[Exercise instructions] Every line from the one holding "- Couverture en" through the one holding "Avcılar'da park halindeki" in the data below must be returned exactly, both ends included, with pictures left out and nothing else added.

[Excerpted data]

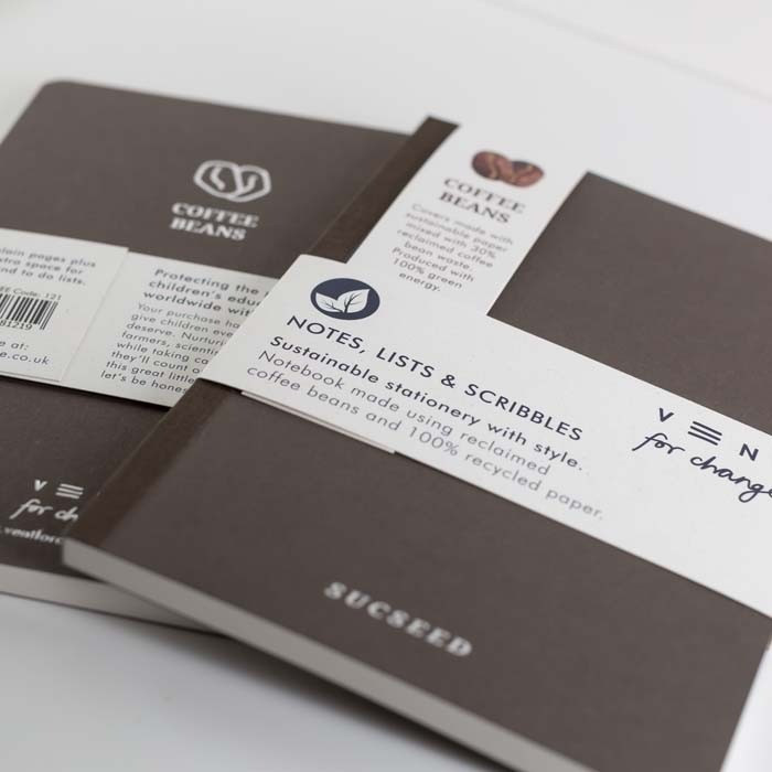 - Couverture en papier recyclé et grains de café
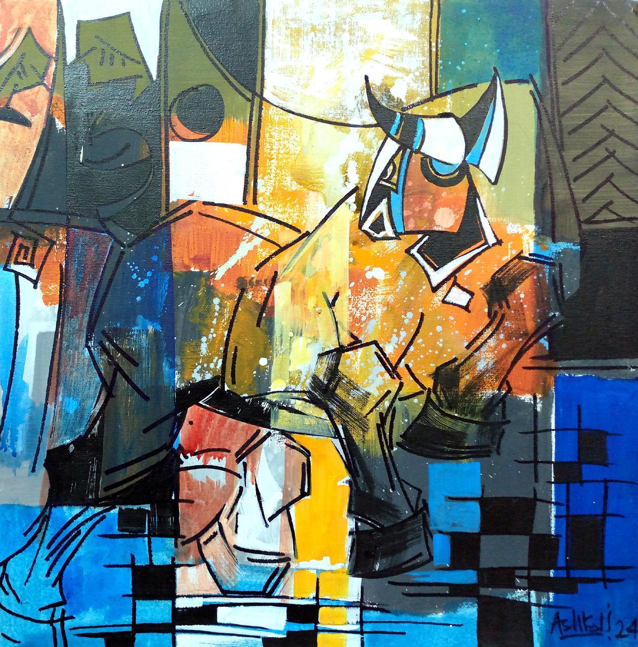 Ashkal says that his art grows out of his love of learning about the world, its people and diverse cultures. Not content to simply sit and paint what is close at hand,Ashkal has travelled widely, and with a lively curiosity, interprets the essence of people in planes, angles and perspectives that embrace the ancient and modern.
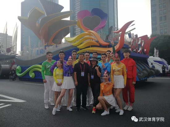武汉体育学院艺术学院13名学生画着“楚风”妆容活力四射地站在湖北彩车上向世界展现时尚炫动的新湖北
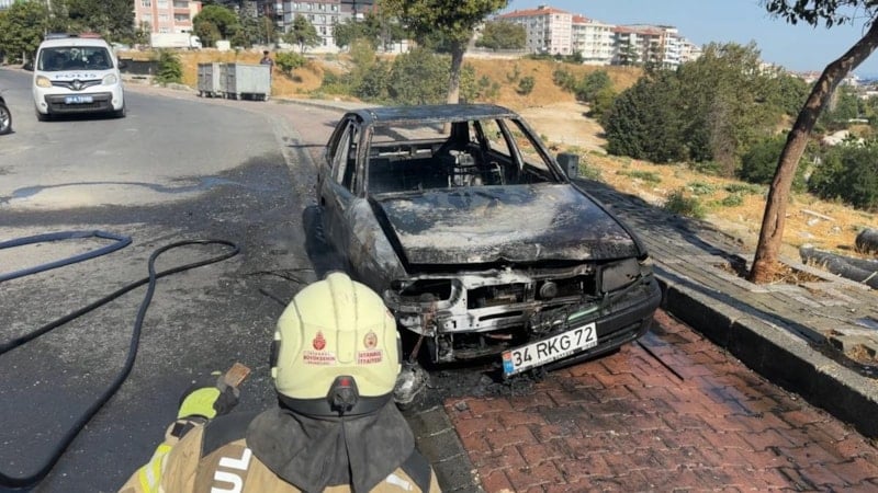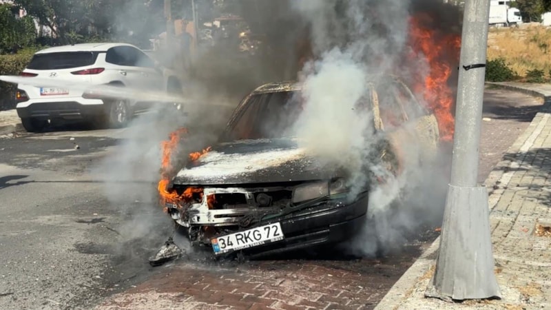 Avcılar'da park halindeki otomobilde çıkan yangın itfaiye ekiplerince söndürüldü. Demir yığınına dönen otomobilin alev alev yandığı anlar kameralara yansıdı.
==
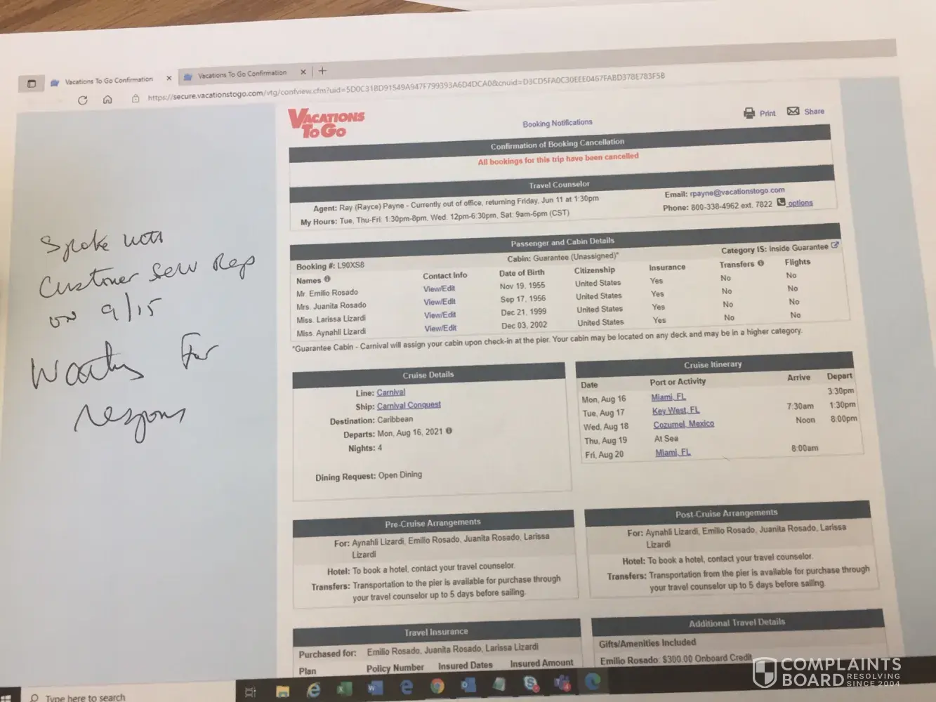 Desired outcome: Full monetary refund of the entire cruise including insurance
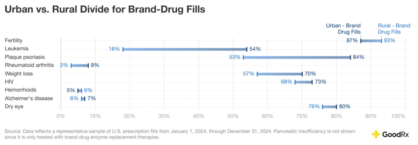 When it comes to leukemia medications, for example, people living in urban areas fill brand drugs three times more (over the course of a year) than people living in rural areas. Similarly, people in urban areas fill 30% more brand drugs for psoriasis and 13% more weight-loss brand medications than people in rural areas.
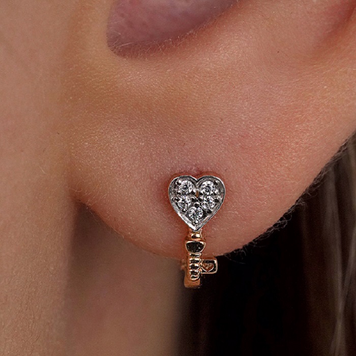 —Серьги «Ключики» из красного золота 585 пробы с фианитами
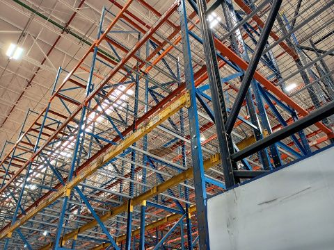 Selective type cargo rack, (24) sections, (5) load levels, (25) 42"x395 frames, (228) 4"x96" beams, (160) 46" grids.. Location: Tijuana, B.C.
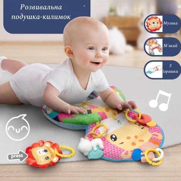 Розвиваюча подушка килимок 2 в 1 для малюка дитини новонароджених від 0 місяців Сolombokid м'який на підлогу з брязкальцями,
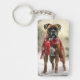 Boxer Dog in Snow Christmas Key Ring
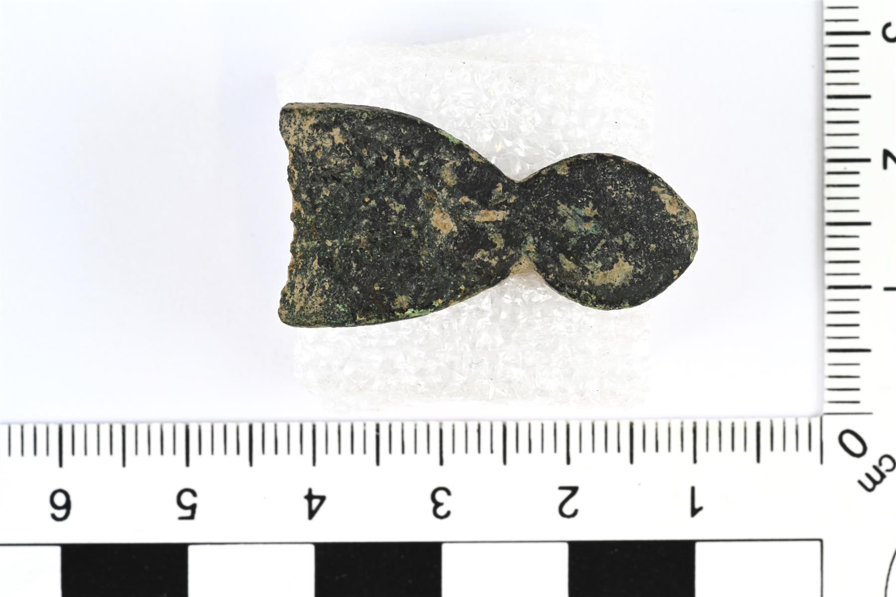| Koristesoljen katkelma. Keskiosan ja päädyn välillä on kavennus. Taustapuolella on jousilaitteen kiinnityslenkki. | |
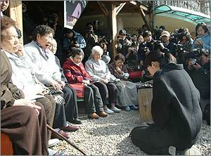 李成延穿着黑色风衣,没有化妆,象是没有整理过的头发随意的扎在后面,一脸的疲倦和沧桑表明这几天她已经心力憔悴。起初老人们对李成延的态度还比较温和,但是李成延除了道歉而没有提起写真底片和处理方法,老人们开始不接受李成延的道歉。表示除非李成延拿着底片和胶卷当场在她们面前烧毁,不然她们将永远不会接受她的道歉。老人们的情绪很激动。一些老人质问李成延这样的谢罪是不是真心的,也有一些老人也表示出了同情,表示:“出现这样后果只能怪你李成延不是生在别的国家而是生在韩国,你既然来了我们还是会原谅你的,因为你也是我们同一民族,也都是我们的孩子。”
==
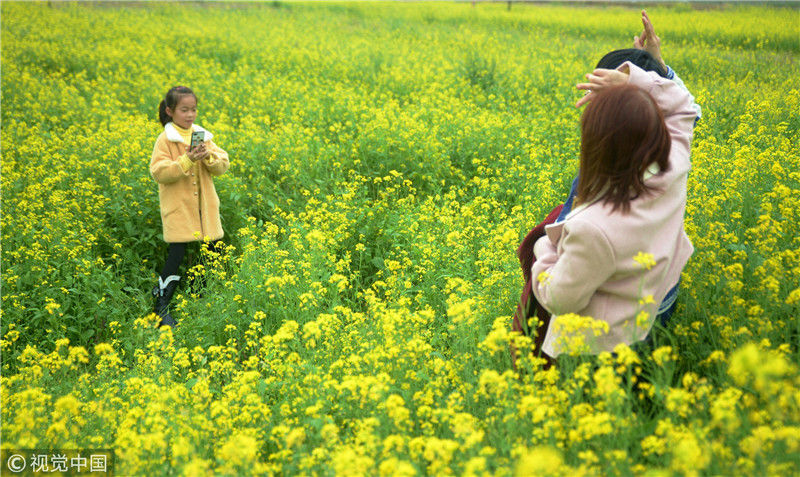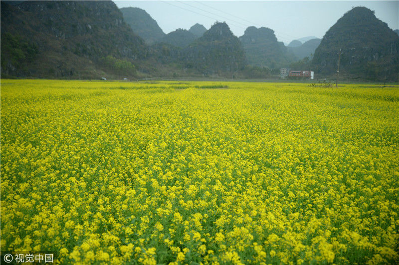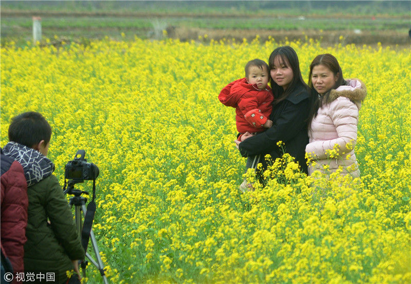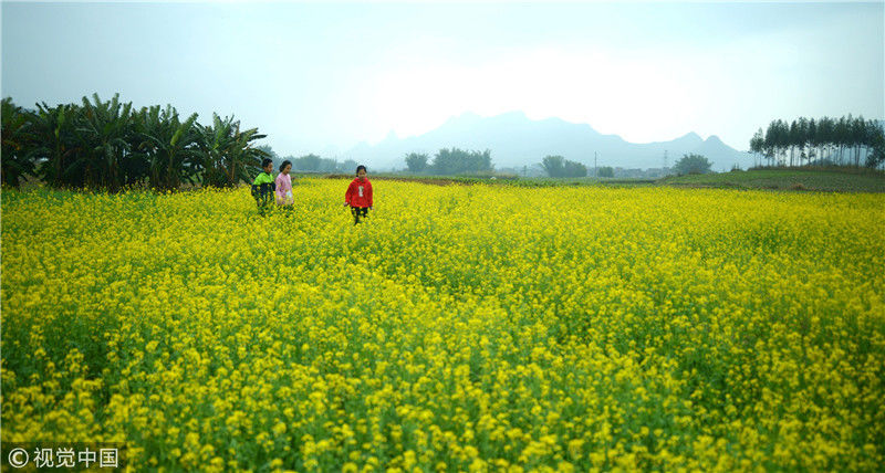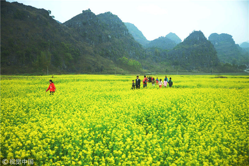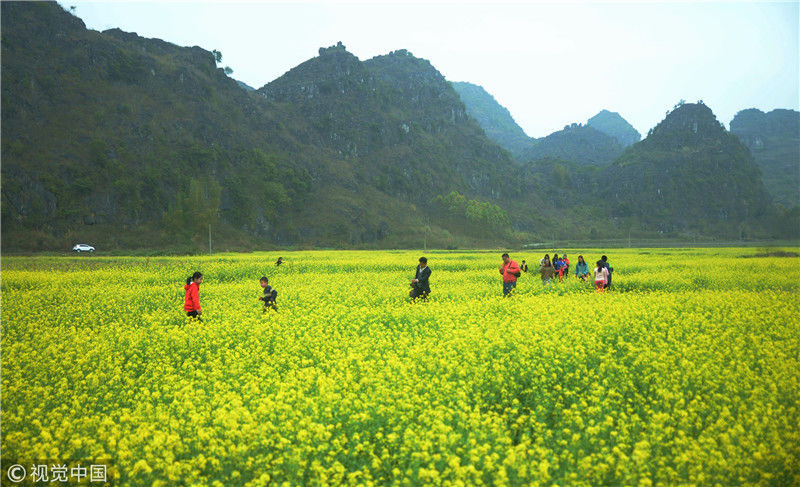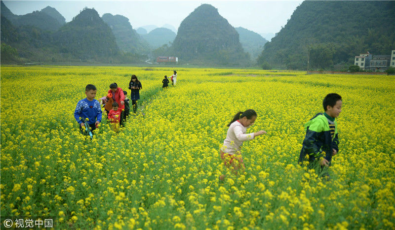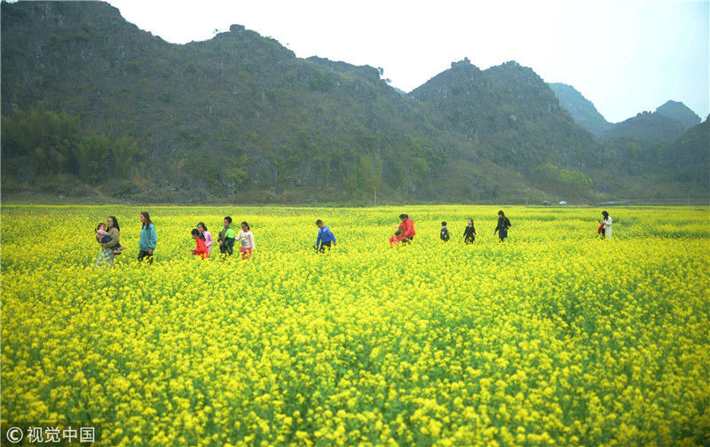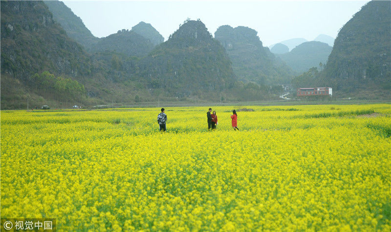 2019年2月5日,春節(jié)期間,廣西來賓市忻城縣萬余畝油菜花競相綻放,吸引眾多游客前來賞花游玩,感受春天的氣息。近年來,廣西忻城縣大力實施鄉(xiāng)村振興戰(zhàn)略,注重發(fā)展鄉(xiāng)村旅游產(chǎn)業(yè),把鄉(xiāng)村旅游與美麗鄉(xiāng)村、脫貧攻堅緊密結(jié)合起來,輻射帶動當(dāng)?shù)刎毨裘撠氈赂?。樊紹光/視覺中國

[Task solution]
 - Couverture en papier recyclé et grains de café
 Ashkal says that his art grows out of his love of learning about the world, its people and diverse cultures. Not content to simply sit and paint what is close at hand,Ashkal has travelled widely, and with a lively curiosity, interprets the essence of people in planes, angles and perspectives that embrace the ancient and modern.
武汉体育学院艺术学院13名学生画着“楚风”妆容活力四射地站在湖北彩车上向世界展现时尚炫动的新湖北
 Avcılar'da park halindeki otomobilde çıkan yangın itfaiye ekiplerince söndürüldü. Demir yığınına dönen otomobilin alev alev yandığı anlar kameralara yansıdı.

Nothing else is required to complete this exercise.